§ **Directions for this task**:
Set down each line of the records once more, precisely, and omit the pictures.

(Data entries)
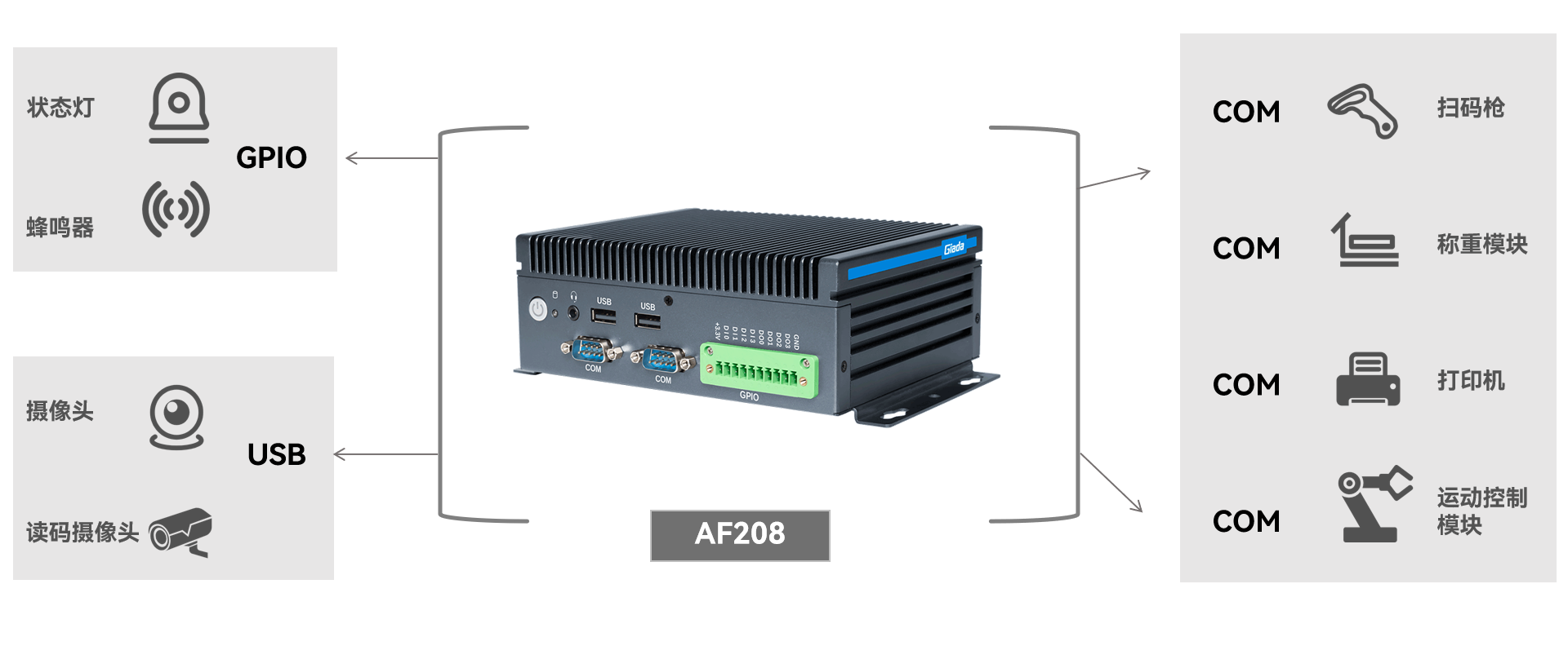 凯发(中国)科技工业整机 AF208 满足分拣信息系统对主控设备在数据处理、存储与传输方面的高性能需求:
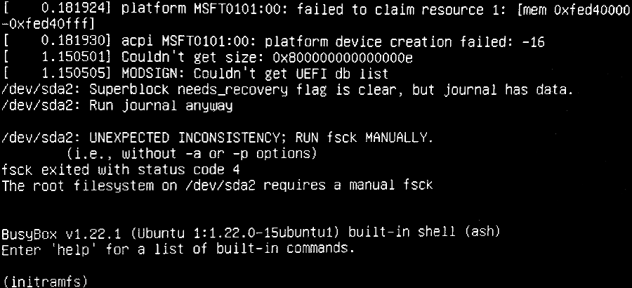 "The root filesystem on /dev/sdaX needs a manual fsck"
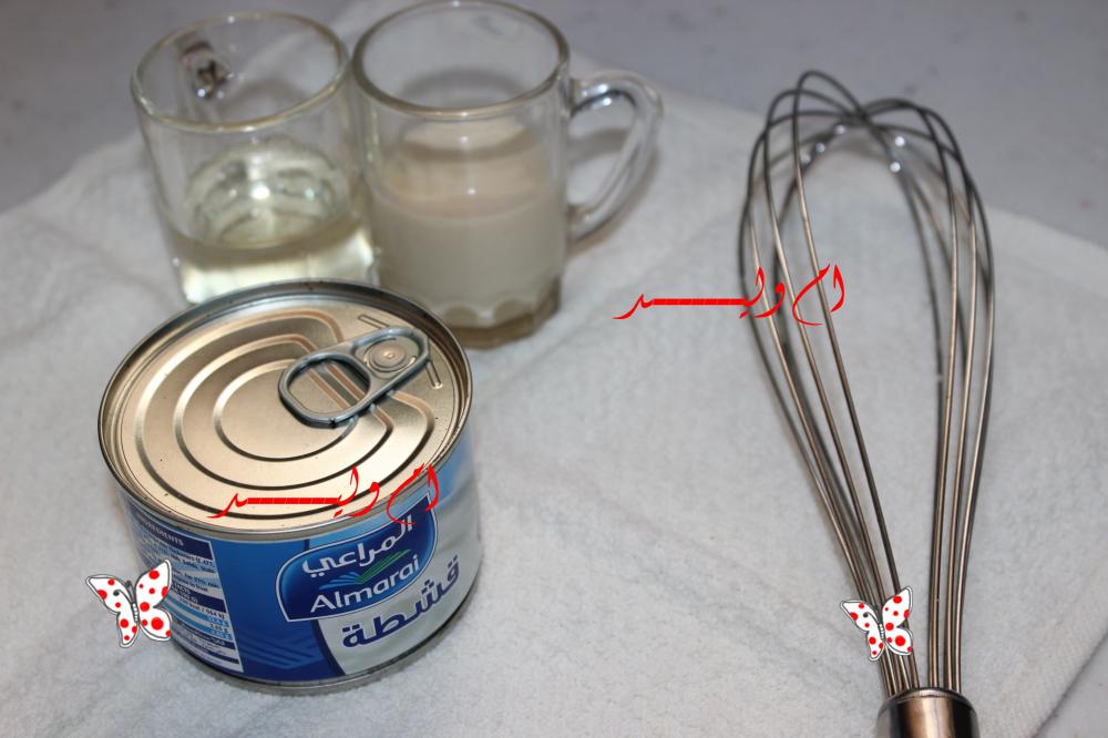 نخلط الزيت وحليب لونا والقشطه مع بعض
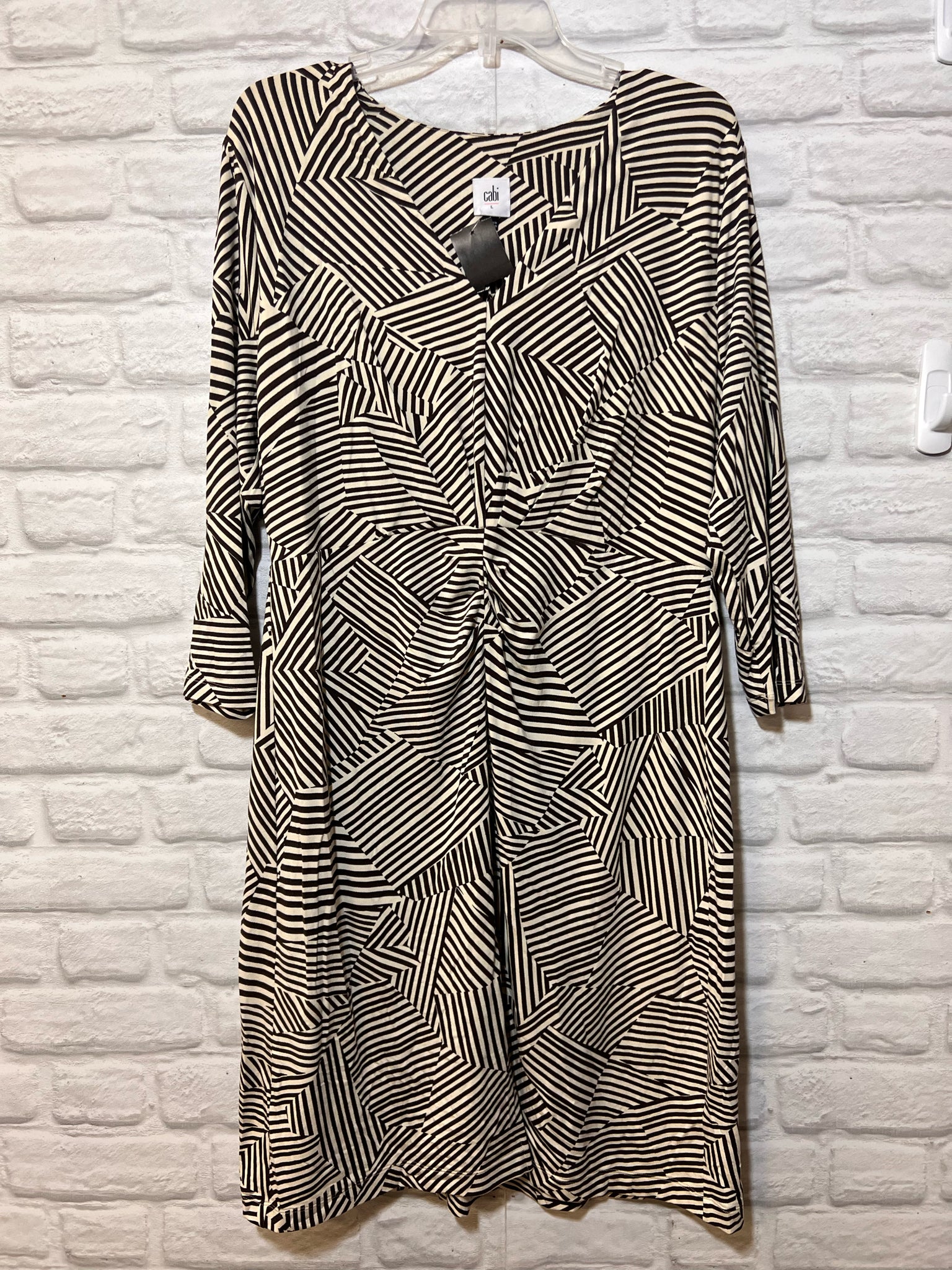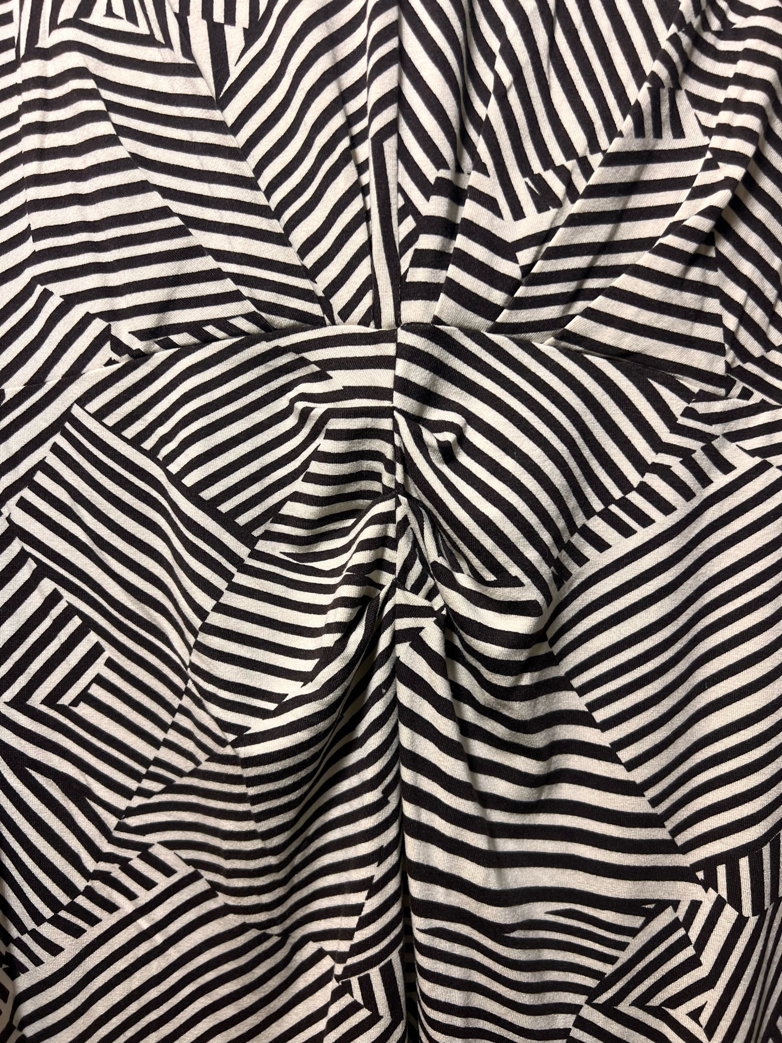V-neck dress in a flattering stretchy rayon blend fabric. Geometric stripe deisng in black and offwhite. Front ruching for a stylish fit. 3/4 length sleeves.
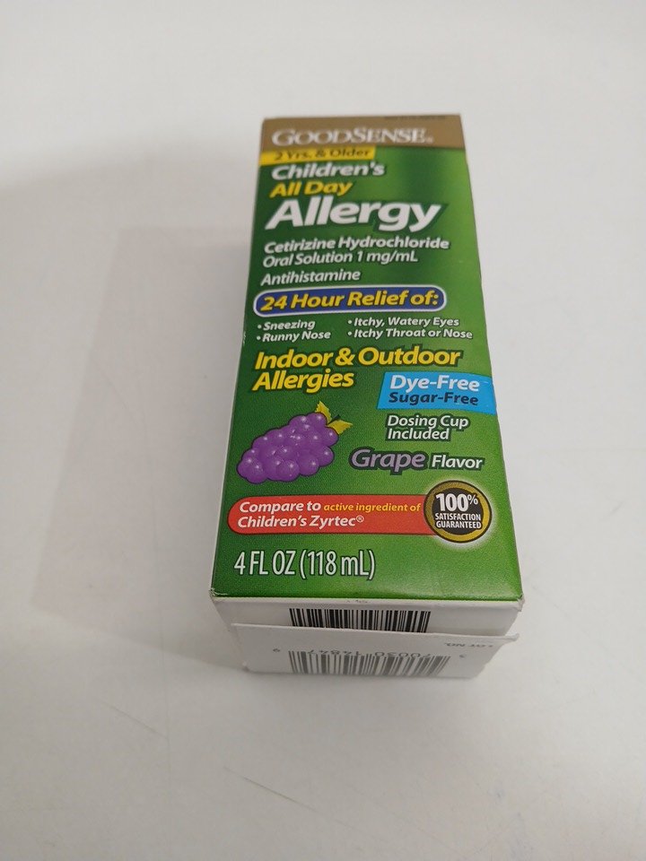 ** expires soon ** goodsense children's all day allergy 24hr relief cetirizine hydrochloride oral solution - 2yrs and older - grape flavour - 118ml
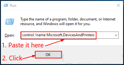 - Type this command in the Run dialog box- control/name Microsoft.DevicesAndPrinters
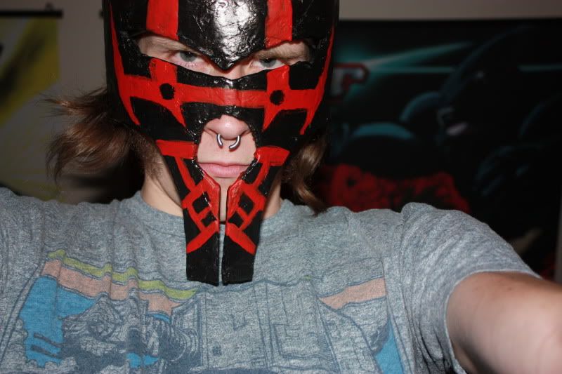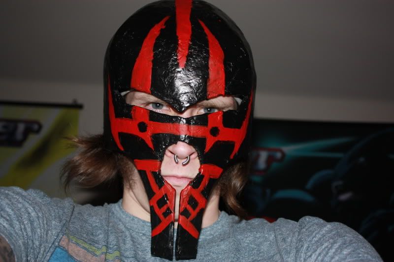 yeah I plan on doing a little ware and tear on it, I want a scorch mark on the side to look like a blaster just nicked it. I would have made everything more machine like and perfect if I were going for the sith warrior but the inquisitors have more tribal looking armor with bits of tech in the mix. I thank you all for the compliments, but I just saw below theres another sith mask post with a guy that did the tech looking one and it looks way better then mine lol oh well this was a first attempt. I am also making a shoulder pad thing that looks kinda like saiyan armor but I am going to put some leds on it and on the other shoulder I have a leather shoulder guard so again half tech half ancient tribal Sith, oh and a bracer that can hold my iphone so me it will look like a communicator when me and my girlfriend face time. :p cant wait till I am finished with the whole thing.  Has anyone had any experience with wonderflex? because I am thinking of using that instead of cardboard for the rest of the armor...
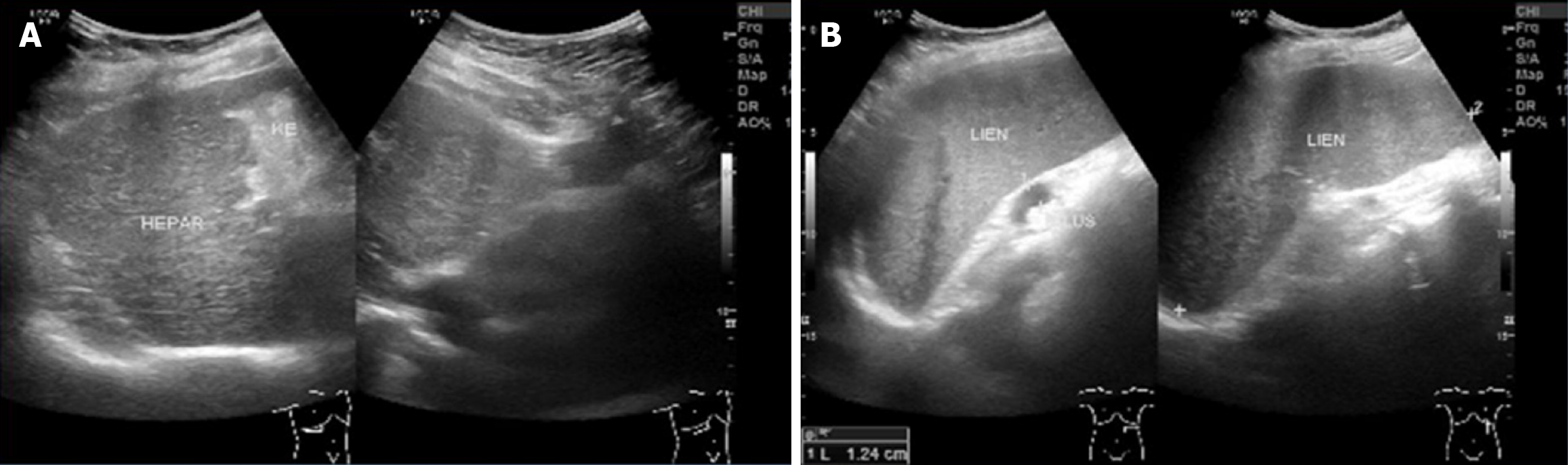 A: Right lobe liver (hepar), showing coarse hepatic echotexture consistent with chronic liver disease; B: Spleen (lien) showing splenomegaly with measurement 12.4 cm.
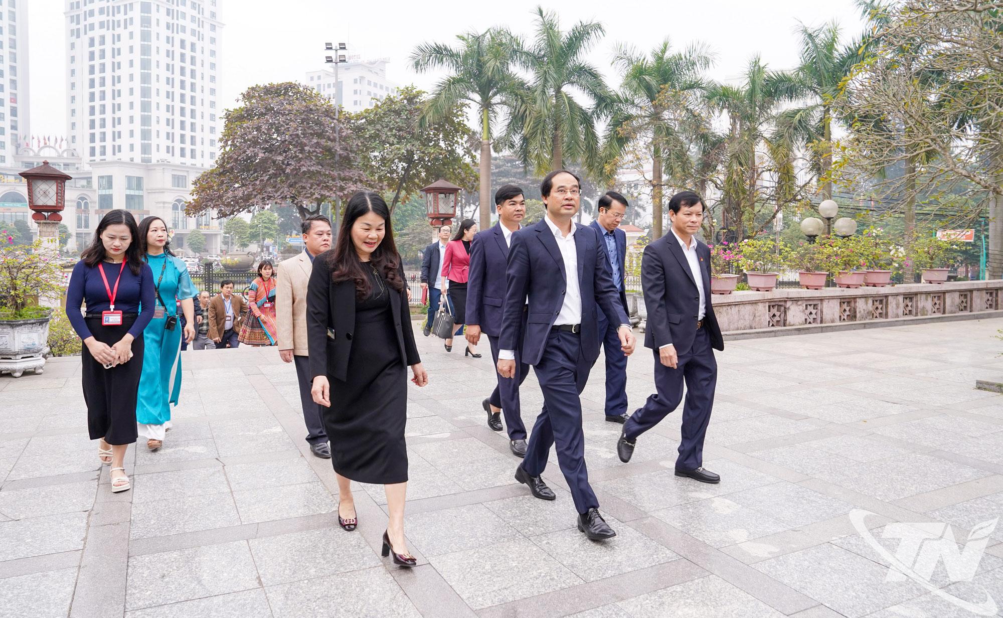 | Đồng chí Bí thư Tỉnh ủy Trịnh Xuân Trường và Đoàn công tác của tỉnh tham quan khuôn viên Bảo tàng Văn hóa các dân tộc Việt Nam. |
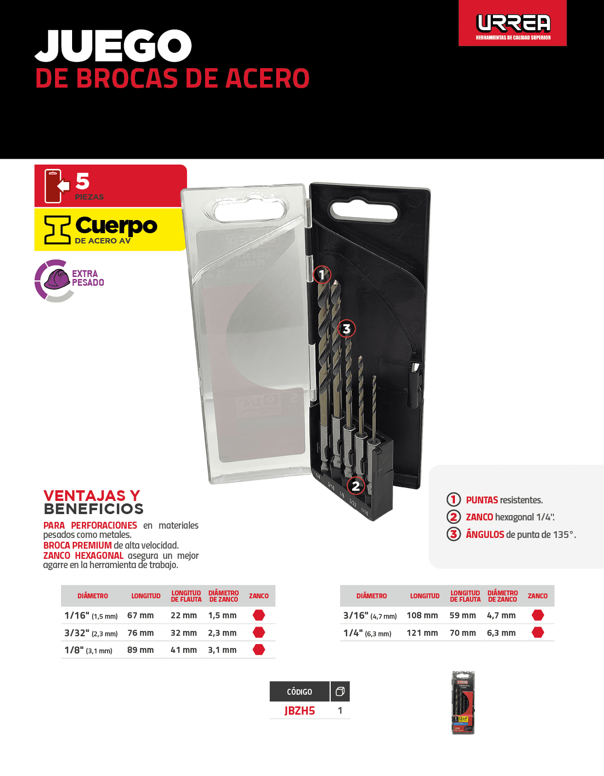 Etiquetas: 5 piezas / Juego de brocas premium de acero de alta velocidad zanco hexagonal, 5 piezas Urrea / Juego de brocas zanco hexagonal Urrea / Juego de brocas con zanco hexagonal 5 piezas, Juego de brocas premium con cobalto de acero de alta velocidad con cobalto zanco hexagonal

§ **Your response**:
 凯发(中国)科技工业整机 AF208 满足分拣信息系统对主控设备在数据处理、存储与传输方面的高性能需求:
 "The root filesystem on /dev/sdaX needs a manual fsck"
 نخلط الزيت وحليب لونا والقشطه مع بعض
V-neck dress in a flattering stretchy rayon blend fabric. Geometric stripe deisng in black and offwhite. Front ruching for a stylish fit. 3/4 length sleeves.
 ** expires soon ** goodsense children's all day allergy 24hr relief cetirizine hydrochloride oral solution - 2yrs and older - grape flavour - 118ml
 - Type this command in the Run dialog box- control/name Microsoft.DevicesAndPrinters
 yeah I plan on doing a little ware and tear on it, I want a scorch mark on the side to look like a blaster just nicked it. I would have made everything more machine like and perfect if I were going for the sith warrior but the inquisitors have more tribal looking armor with bits of tech in the mix. I thank you all for the compliments, but I just saw below theres another sith mask post with a guy that did the tech looking one and it looks way better then mine lol oh well this was a first attempt. I am also making a shoulder pad thing that looks kinda like saiyan armor but I am going to put some leds on it and on the other shoulder I have a leather shoulder guard so again half tech half ancient tribal Sith, oh and a bracer that can hold my iphone so me it will look like a communicator when me and my girlfriend face time. :p cant wait till I am finished with the whole thing.  Has anyone had any experience with wonderflex? because I am thinking of using that instead of cardboard for the rest of the armor...
 A: Right lobe liver (hepar), showing coarse hepatic echotexture consistent with chronic liver disease; B: Spleen (lien) showing splenomegaly with measurement 12.4 cm.
 | Đồng chí Bí thư Tỉnh ủy Trịnh Xuân Trường và Đoàn công tác của tỉnh tham quan khuôn viên Bảo tàng Văn hóa các dân tộc Việt Nam. |
 Etiquetas: 5 piezas / Juego de brocas premium de acero de alta velocidad zanco hexagonal, 5 piezas Urrea / Juego de brocas zanco hexagonal Urrea / Juego de brocas con zanco hexagonal 5 piezas, Juego de brocas premium con cobalto de acero de alta velocidad con cobalto zanco hexagonal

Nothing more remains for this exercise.